Canadian Prime Minister Justin Trudeau’s goal of eliminating gas-powered cars in favor of 100 percent Electric Vehicles (EV) by 2035 is unlikely to happen due to a lack of consumer demand, auto executives say.
Trudeau’s Liberal Party has set a green energy goal to see all new car sales be EVs by 2035 — effectively eliminating gas-powered cars from the new car market. Like in the United States, those goals are unlikely to be met.
This week, Toyota Motora nd Honda Motor executives said they do not see how the Canadian government expects to switch 100 percent to EVs in just a decade when consumers are largely uninterested in anything but gas-powered cars that can reliably drive long distances and in freezing temperatures.
“We need to make sure that we’re revisiting targets to align targets with reality,” Toyota Motor Manufacturing Canada President Frank Voss told Bloomberg:
The government can only do so much to entice consumers to purchase vehicles that they would like to see implemented. Consumers will choose what they need. [Emphasis added]
Likewise, Honda Canada CEO Jean Marc Leclerc told Bloomberg that “There’s a lot of things that need to fall into place to give people the confidence to make the transition” to EVs.
In Canada, like the U.S., EVs remain a tiny fraction of new car sales — indicating slowing consumer demand that both governments had wrongly predicted.

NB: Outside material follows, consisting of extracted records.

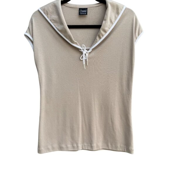 Catalina Vintage 60s 70s Womens Tan Sailor Collar Sleeveless Nautical Shirt L
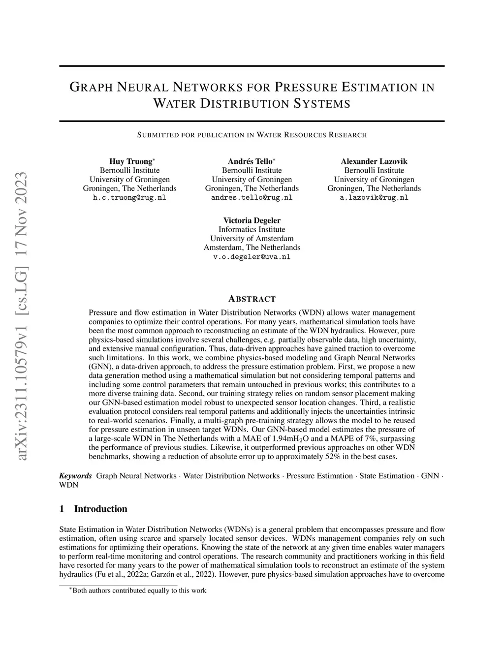 Graph Neural Networks for Pressure Estimation in Water Distribution
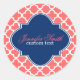 Coral & White Quatrefoil Geometric Pattern Classic Round Sticker
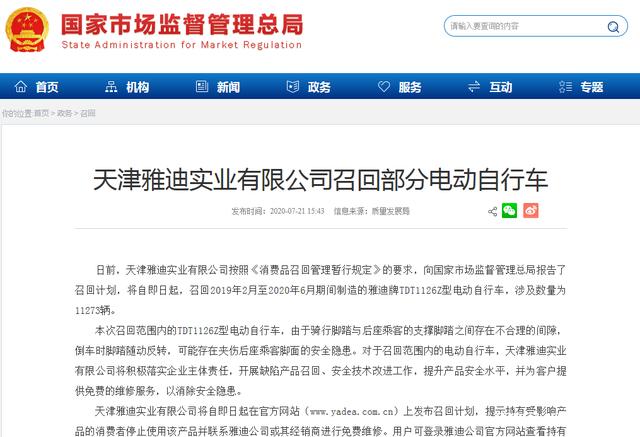 天津雅迪實(shí)業(yè)有限公司按照《消費(fèi)品召回管理暫行規(guī)定》的要求,向國(guó)家市場(chǎng)監(jiān)督管理總局上報(bào)了召回計(jì)劃,即日起,將召回至生產(chǎn)的雅迪牌TDT1126Z電動(dòng)自行車(chē),涉及11273輛。
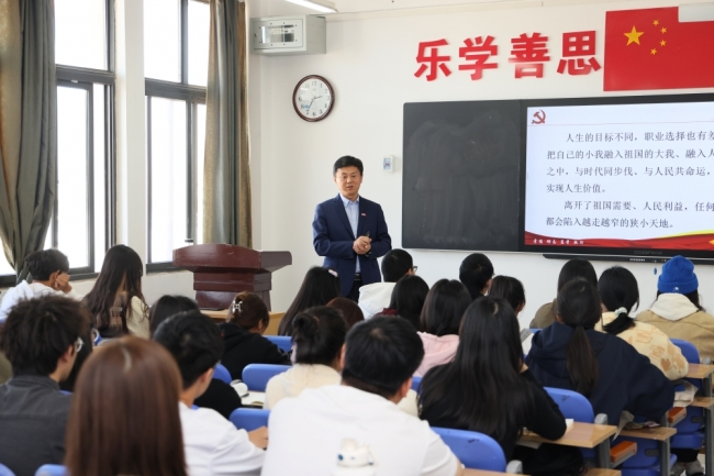 为深入学习贯彻习近平新时代中国特色社会主义思想和党的二十大精神,落实立德树人根本任务,10月20日下午,校党委副书记董学力深入课堂一线,以《把“小我”融入“大我”——做担当民族复兴大任的“六有”大学生》为题,为2023级国际经济与贸易本科1班的学生上了一堂生动的思政课。
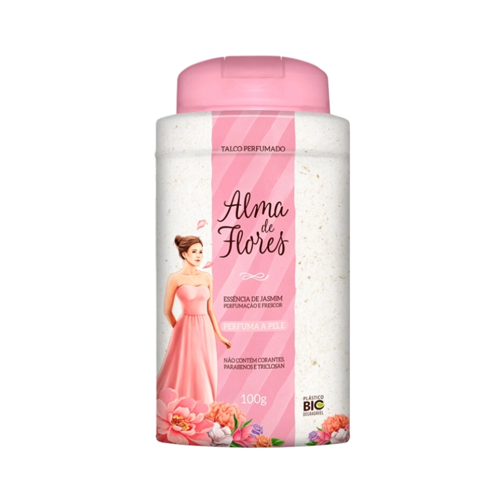O Talco Perfumado Alma de Flores Jasmim 100g apresenta uma combinação harmoniosa com agradável fragrância de jasmim, o que prolonga a sensação de bem-estar e perfumação durante todo o dia. Além disso, ele mantém a pele protegida e intensamente perfumada. Ele é feminino, romântico e confortável.
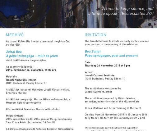 Mazsihisz hírek A pápai zsinagóga – múlt és jelen: kiállítás az Izraeli Kulturális Intézetben 2015. november 8. - 14:57
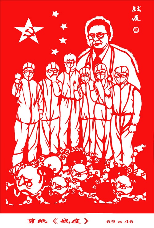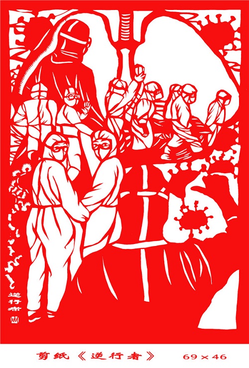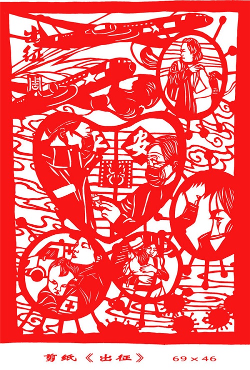 周玉珍作為安康市平利縣的一名小學(xué)美術(shù)教師,在做好學(xué)生、家長疫情防控宣傳教育的同時,戰(zhàn)“疫”中的許多瞬間,令她分外感動。她借個人居家防護(hù)的時機(jī),完成了《出征》《逆行者》《戰(zhàn)疫》三幅剪紙作品,用鮮紅的剪紙記錄下了那些令人感動的瞬間。
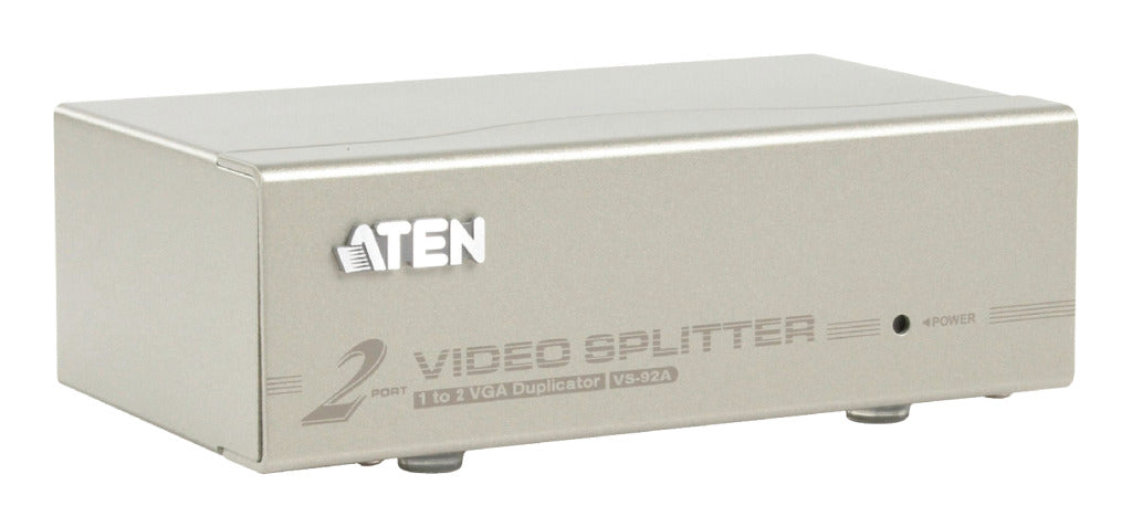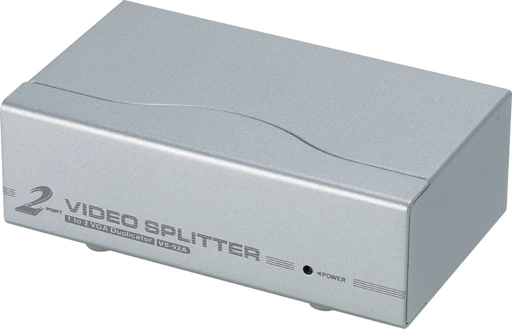 De VS92A Video splitter dupliceert en versterkt het video signal van een input naar 2 outputs. Het voorziet meer bandbreedte en video resolutie, ook het kunnen uitbreiden van de uitzend afstand tot 210' maakt het ideaal voor publieke tentoonstellingen. Daarbij kunnen de units ook gecascadeert worden, zodat het gewenst aantal monitoren gebruikt kan worden.
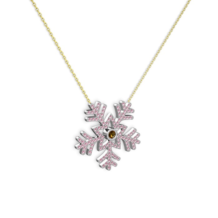 Dumanlı kuvars ve pembe kuvars 18 ayar beyaz altın kolye (40 cm altın rolo zincir)
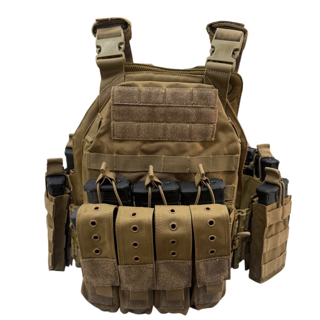 The vest provides generous adjustability at the waist and shoulder straps, ensuring a stable and comfortable fit even during extended use. Integrated pouches accommodate up to 9 M4/AK magazines, while additional pockets can hold up to 4 grenades or other essential equipment.
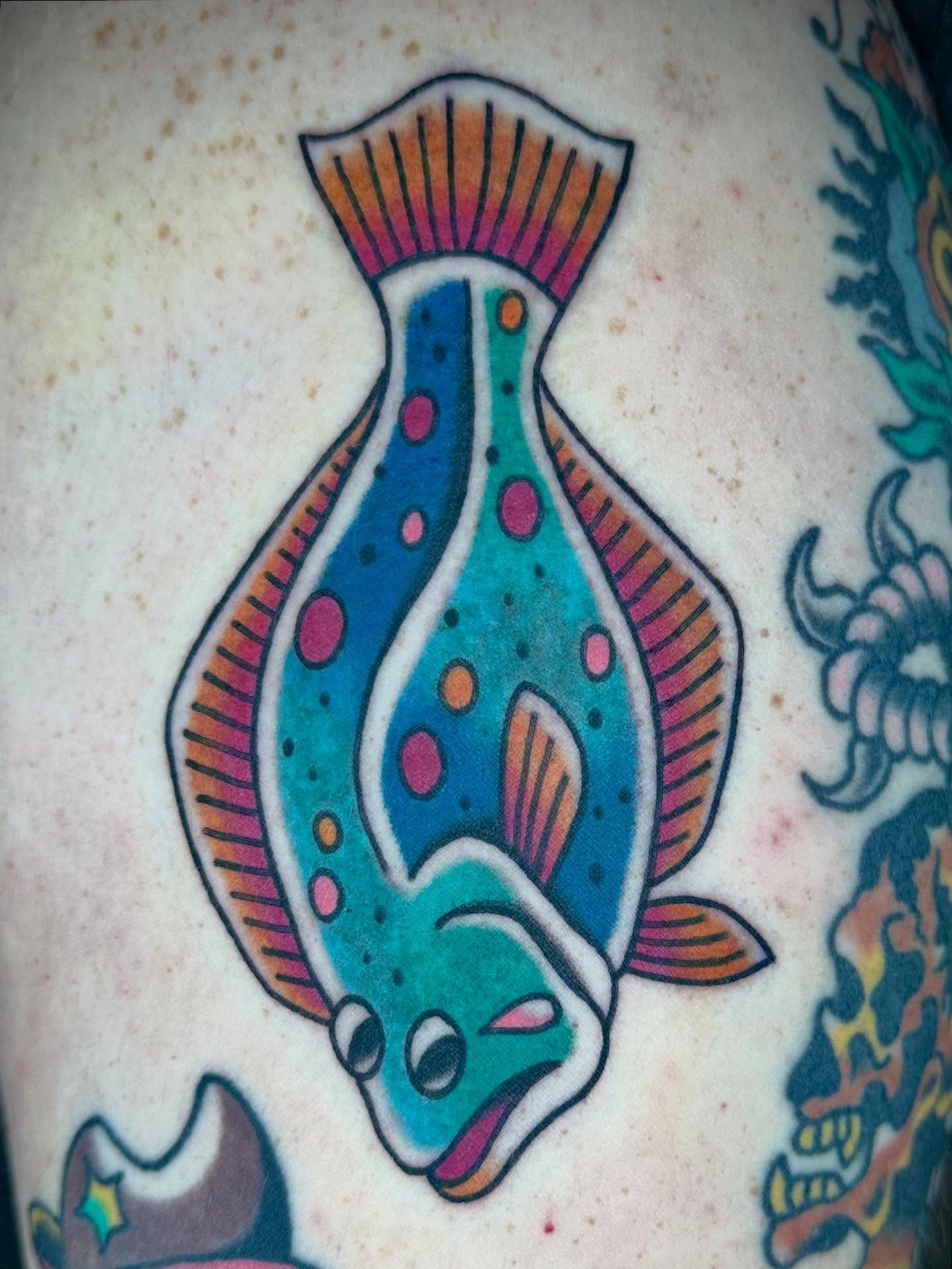 #floundertattoo #fishtattoo #rabbitmoontattoo #fortworthtattooartist #dfwtattooartist
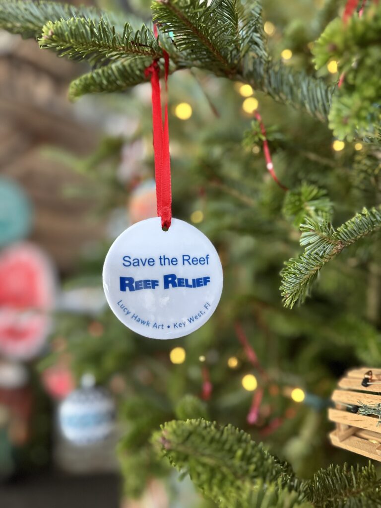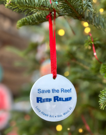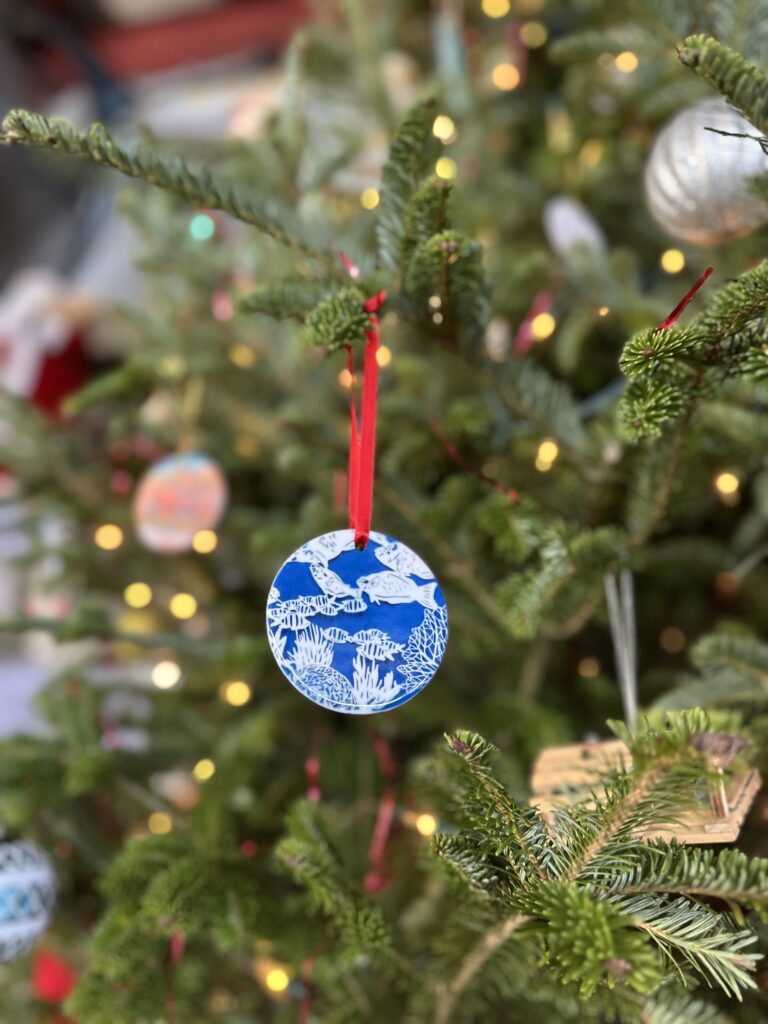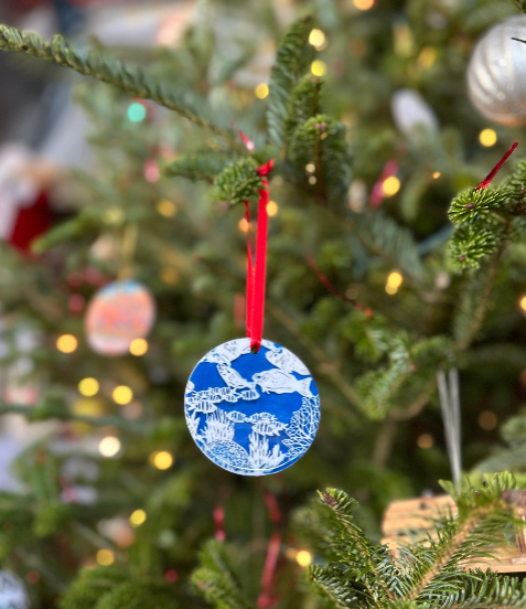 “The Reef” paper print designed by Lucy Hawk Art printed on a ceramic ornament.

Last year, for example, just 11 percent of new cars sold were EVs.
At the same time, more than 1.3 million gas-powered cars were sold in Canada last year, making up the overwhelming majority of cars sold.
In the U.S., President Joe Biden is reportedly pumping the brakes on his EV mandates that would require nearly 7-in-10 new cars sold in the U.S. market to be EVs rather than gas-powered cars by 2032. The regulations would essentially mandate that American consumers buy EVs.
The report came as polls showed that Biden’s EV mandates were wildly unpopular.